EXERCISE REQUIREMENTS: From the listing below, copy only the lines from the line that contains "田中碧は黒がよく似合うと感じ" to the line that contains "Juguetes para gatos", counting those two lines as part of the copy.

PROVIDED RECORDS:
────
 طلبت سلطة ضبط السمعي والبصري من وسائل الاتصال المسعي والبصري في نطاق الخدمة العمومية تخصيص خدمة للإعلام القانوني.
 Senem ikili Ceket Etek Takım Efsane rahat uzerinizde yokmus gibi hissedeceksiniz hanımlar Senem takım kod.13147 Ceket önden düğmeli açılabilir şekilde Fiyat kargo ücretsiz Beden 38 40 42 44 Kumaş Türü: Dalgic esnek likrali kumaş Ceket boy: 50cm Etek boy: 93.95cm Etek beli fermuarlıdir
────
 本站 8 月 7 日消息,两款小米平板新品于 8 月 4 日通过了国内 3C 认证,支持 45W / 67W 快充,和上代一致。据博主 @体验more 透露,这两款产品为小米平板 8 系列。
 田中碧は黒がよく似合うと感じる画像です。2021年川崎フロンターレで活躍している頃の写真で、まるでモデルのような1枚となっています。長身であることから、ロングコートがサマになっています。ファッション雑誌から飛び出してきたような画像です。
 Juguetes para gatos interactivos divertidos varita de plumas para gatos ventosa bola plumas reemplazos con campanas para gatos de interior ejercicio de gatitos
────
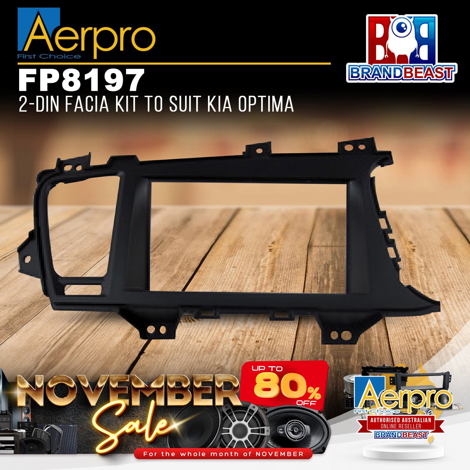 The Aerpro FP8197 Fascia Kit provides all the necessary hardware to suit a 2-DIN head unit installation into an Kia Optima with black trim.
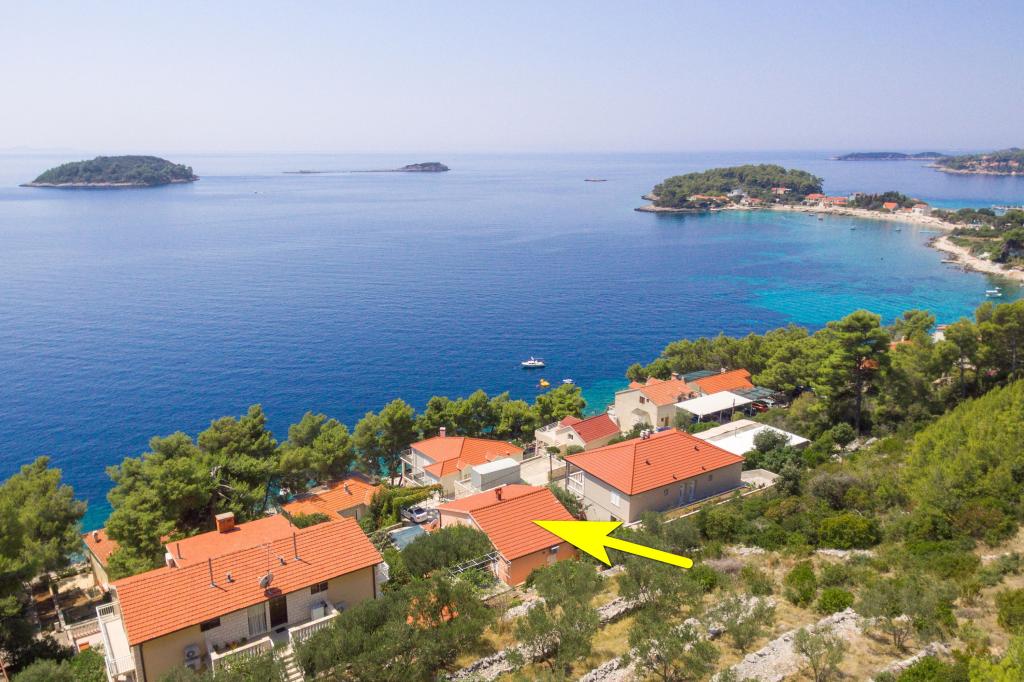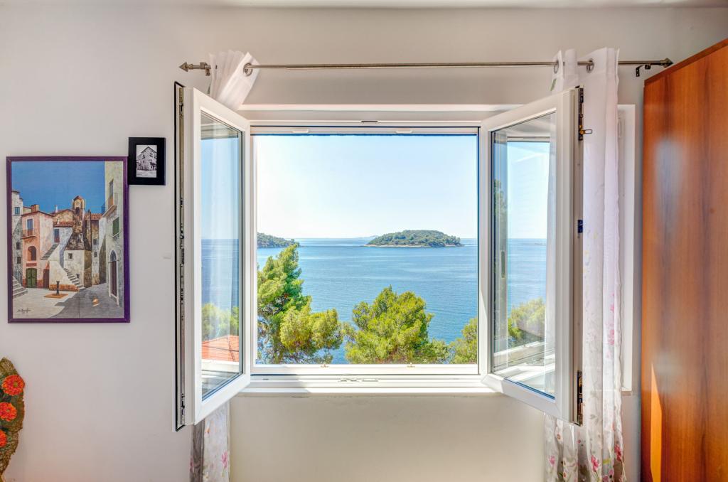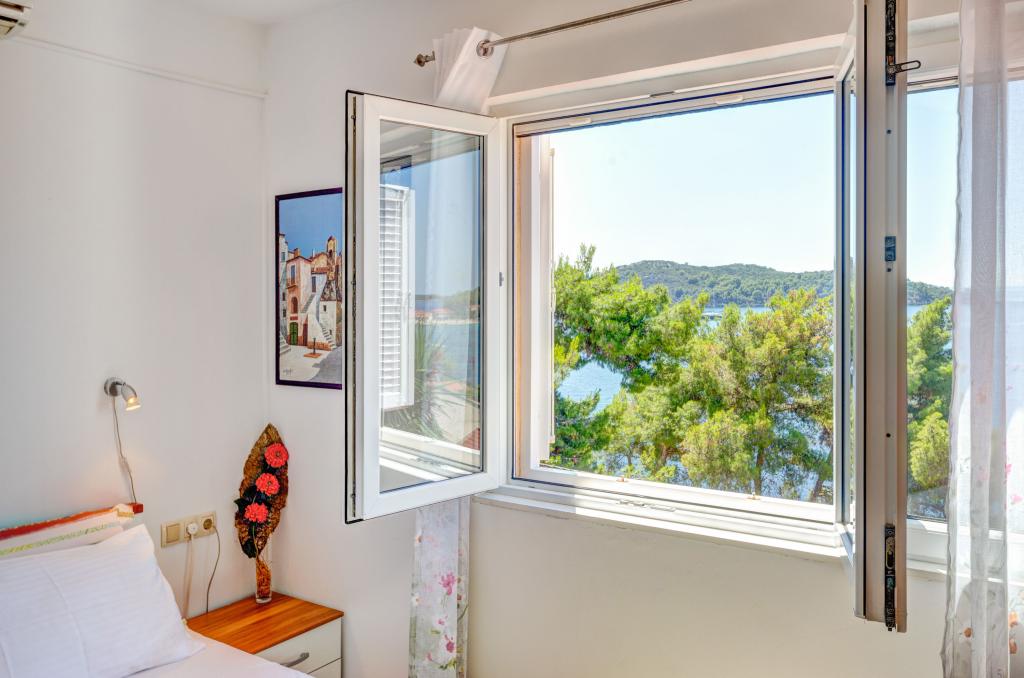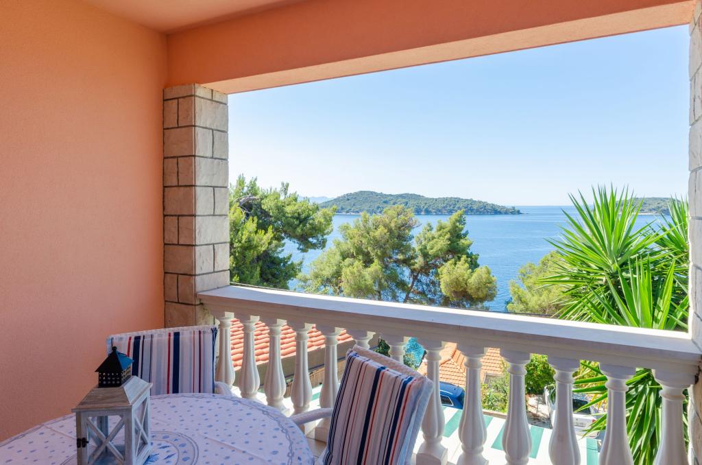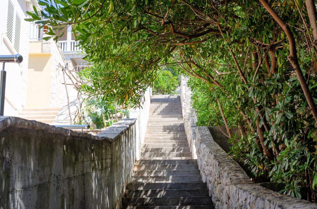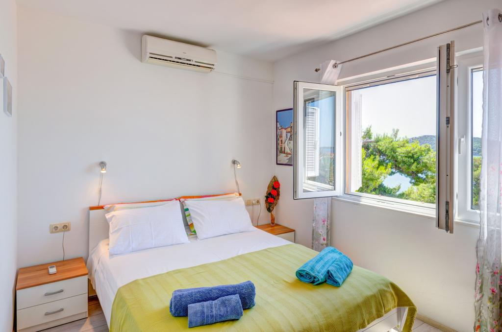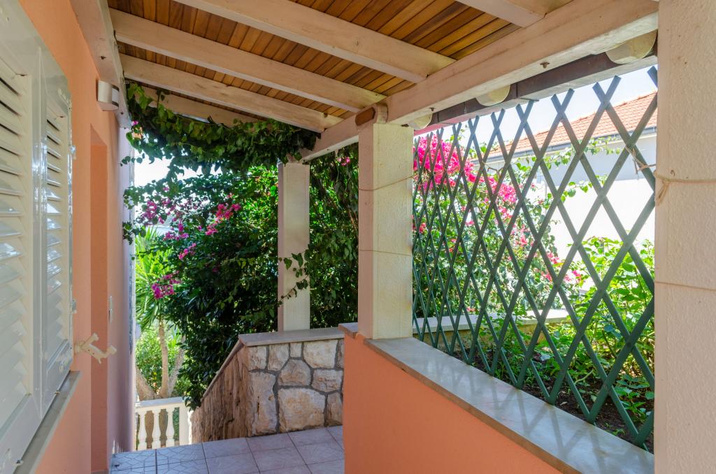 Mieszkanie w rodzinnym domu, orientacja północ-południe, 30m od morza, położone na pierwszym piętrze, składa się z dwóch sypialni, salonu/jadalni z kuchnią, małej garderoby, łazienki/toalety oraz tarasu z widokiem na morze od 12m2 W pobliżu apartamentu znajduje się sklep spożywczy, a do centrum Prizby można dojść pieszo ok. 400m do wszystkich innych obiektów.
────
SOLUTION TO THIS PROBLEM:
 田中碧は黒がよく似合うと感じる画像です。2021年川崎フロンターレで活躍している頃の写真で、まるでモデルのような1枚となっています。長身であることから、ロングコートがサマになっています。ファッション雑誌から飛び出してきたような画像です。
 Juguetes para gatos interactivos divertidos varita de plumas para gatos ventosa bola plumas reemplazos con campanas para gatos de interior ejercicio de gatitos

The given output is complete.